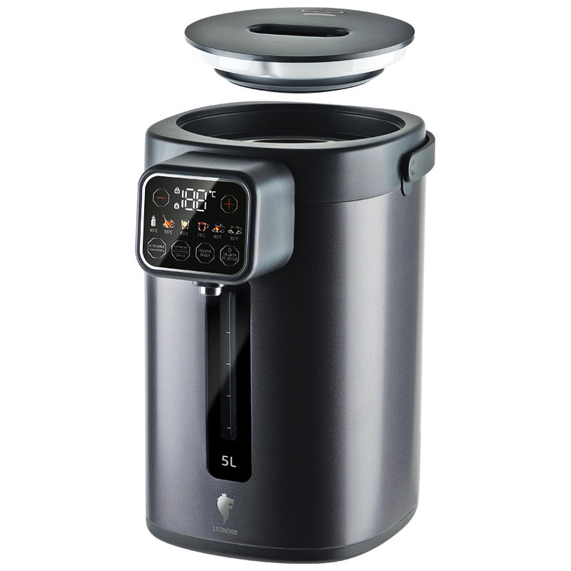 Наслаждайтесь идеально чистой водой с функцией дехлорирования и точным контролем температуры от 45 до 100℃. Мощность 1600 Вт и внутренняя колба из нержавеющей стали 304 обеспечивают мгновенное кипячение и длительное сохранение тепла без посторонних привкусов. LED дисплей отображает текущую температуру, а автоматическая подача одним нажатием кнопки делает использование невероятно удобным. Защита от детей и эргономичная ручка добавляют безопасности и комфорта в повседневной жизни. Пятилитровый объём идеален для семьи или офиса, а функция поддержания температуры избавит от необходимости повторного кипячения. Leonord — это безупречное качество и стильный дизайн для тех, кто ценит удобство и заботится о здоровье.
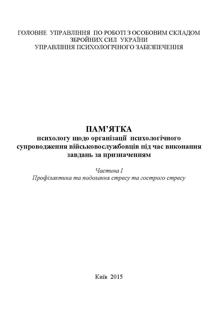 Купити Пам’ятка психологу щодо організації психологічного супроводження військовослужбовців під час виконання завдань за призначенням.
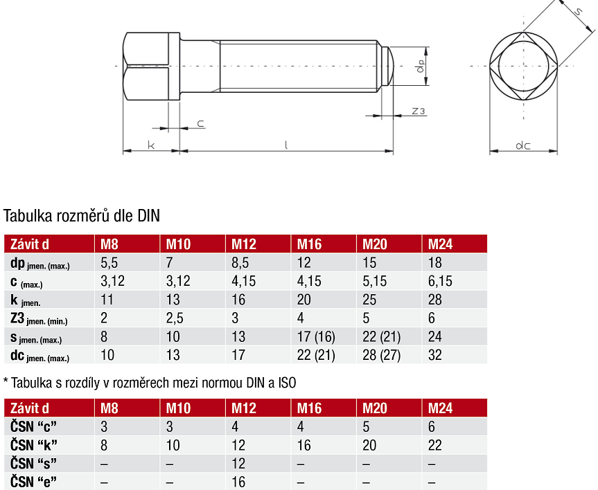 DIN 480 - Upínací šrouby s nákružkem a s čípkem, Současná norma: DIN 480, Ekvivalentní normy: CSN 021122; PN 82308
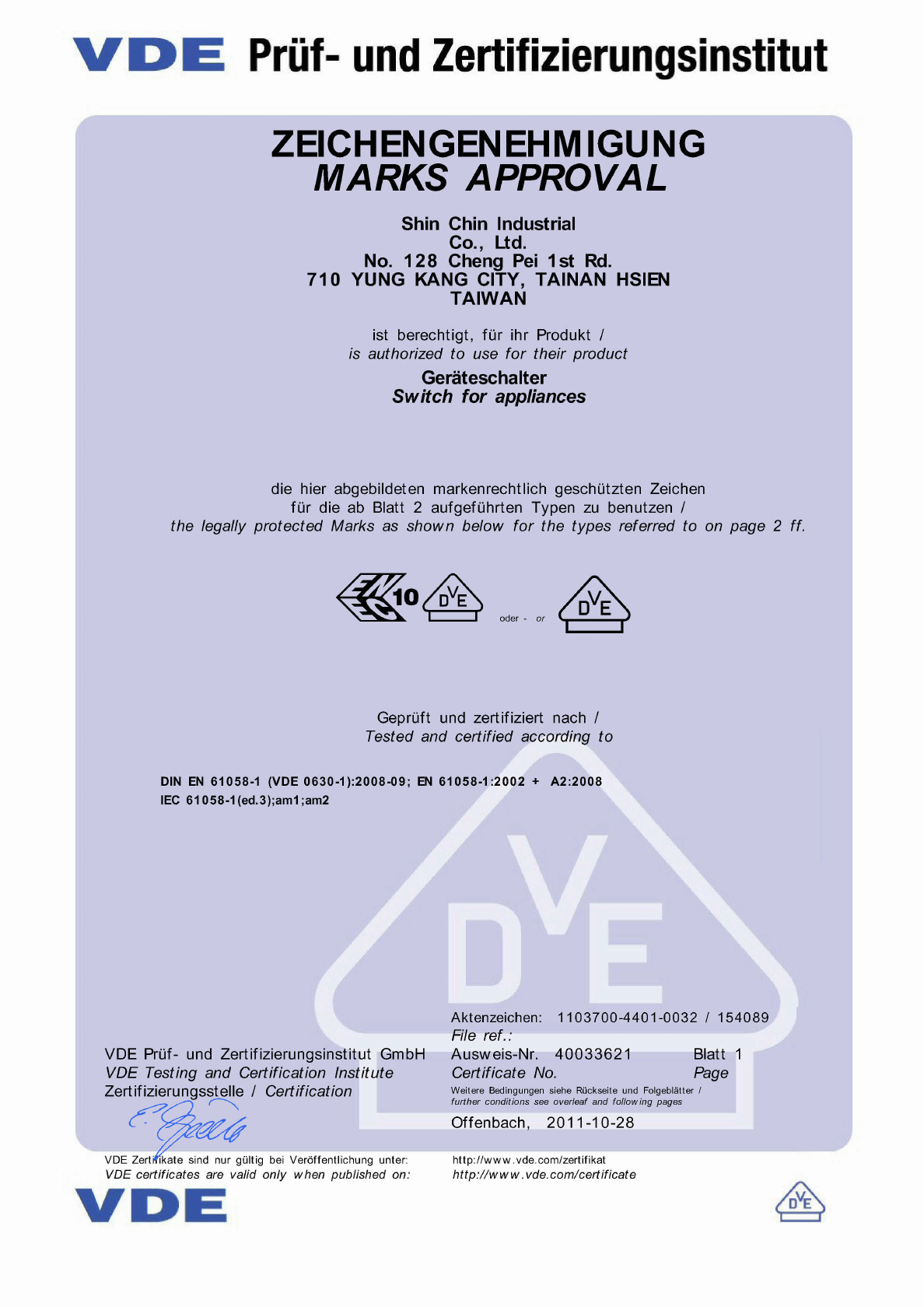 VDE Prüf- und Zertifizierungsinstitut Zeichengenehmigung Ausw eis-Nr. / Certificate No. Blatt / page 40033621 8 Name und Sitz des Genehmigungs-Inhabers / Name and registered seat of the Certificate holder Shin Chin Industrial Co., Ltd., No. 128 Cheng Pei 1st Rd., 710 YUNG KANG CITY, TAINAN HSIEN, TAIWAN Aktenzeichen / File ref. Datum / Date 1103700-4401-0032 / 154089 / FG31 / LF 2011-10-28 Dieses Blatt gilt nur in Verbindung mit Blatt 1 des Zeichengenehmigungsausw eises Nr.

• About this exercise
Copy word for word every line from the one holding "DIN 480 - Upínací" to the end of the listing, both ends included, but do not copy any pictures.

• Response to the exercise
 DIN 480 - Upínací šrouby s nákružkem a s čípkem, Současná norma: DIN 480, Ekvivalentní normy: CSN 021122; PN 82308
 VDE Prüf- und Zertifizierungsinstitut Zeichengenehmigung Ausw eis-Nr. / Certificate No. Blatt / page 40033621 8 Name und Sitz des Genehmigungs-Inhabers / Name and registered seat of the Certificate holder Shin Chin Industrial Co., Ltd., No. 128 Cheng Pei 1st Rd., 710 YUNG KANG CITY, TAINAN HSIEN, TAIWAN Aktenzeichen / File ref. Datum / Date 1103700-4401-0032 / 154089 / FG31 / LF 2011-10-28 Dieses Blatt gilt nur in Verbindung mit Blatt 1 des Zeichengenehmigungsausw eises Nr.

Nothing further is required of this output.